Title : Synergistic biopriming with 28-homobrassinolide and Piriformospora indica enhances cadmium stress tolerance
Abstract:
This study investigates a synergistic biopriming strategy combining seed priming with 28-homobrassinolide (28-HBL) and root colonization by the endophytic fungus Piriformospora indica to alleviate cadmium (Cd) toxicity in Brassica juncea. Seedlings exposed to 50 µM Cd under controlled laboratory conditions exhibited substantial accumulation of reactive oxygen species (O-2, H2O2, and •OH), leading to oxidative stress and significant impairment of plant growth. The integrated biopriming approach provided protection through two coordinated physiological and molecular mechanisms. The first mechanism involved restoration of cellular redox homeostasis, supported by both biochemical assays and transcriptional regulation of antioxidant machinery. This was evidenced by enhanced activities and expression of key enzymatic antioxidants including superoxide dismutase (SOD), catalase (CAT), ascorbate peroxidase (APOX), dehydroascorbate reductase (DHAR), monodehydroascorbate reductase (MDHAR), and glutathione reductase (GR). In parallel, increased accumulation of non-enzymatic antioxidants such as glutathione, phenolics, and flavonoids further strengthened the cellular defense system. Elevated levels of osmolytes, including proline and glycine betaine, contributed to osmotic adjustment and stabilization of cellular structures under stress conditions. The second protective mechanism involved efficient cadmium detoxification through enhanced metal sequestration and chelation.

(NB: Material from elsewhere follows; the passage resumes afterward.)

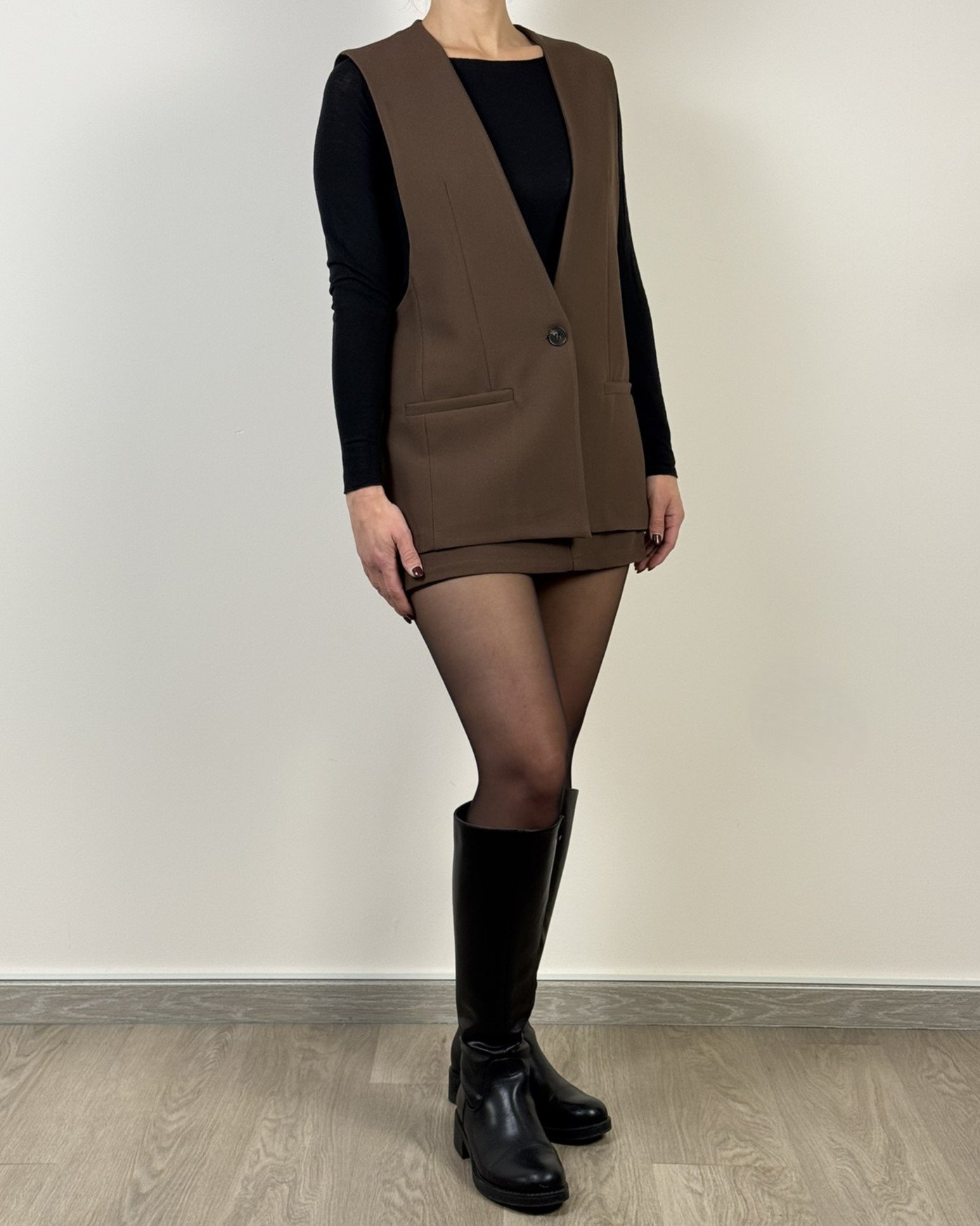 Gilet over a un bottone con spacchi laterali sul retro.

Transcriptomic analysis revealed modulation of NRAMP and HMA transporter family genes in both roots and shoots, indicating regulation of Cd uptake and its translocation within plant tissues. This was accompanied by enhanced phytochelation responses, facilitating intracellular metal binding and detoxification. Quantification using atomic absorption spectroscopy confirmed reduced Cd accumulation in bioprimed seedlings. Furthermore, the synergistic interaction between P. indica and 28-HBL was validated through upregulation of brassinosteroid signaling genes (BRI1, BAK1, BES1, and BZR1), highlighting hormone-mediated regulation of stress tolerance pathways. Overall, the combined treatment was more effective than individual applications, demonstrating coordinated regulation of antioxidant defense, metal transport, and detoxification processes. These findings underscore the potential of hormone–microbe integration as a sustainable strategy for enhancing plant tolerance to heavy metal stress in crop systems.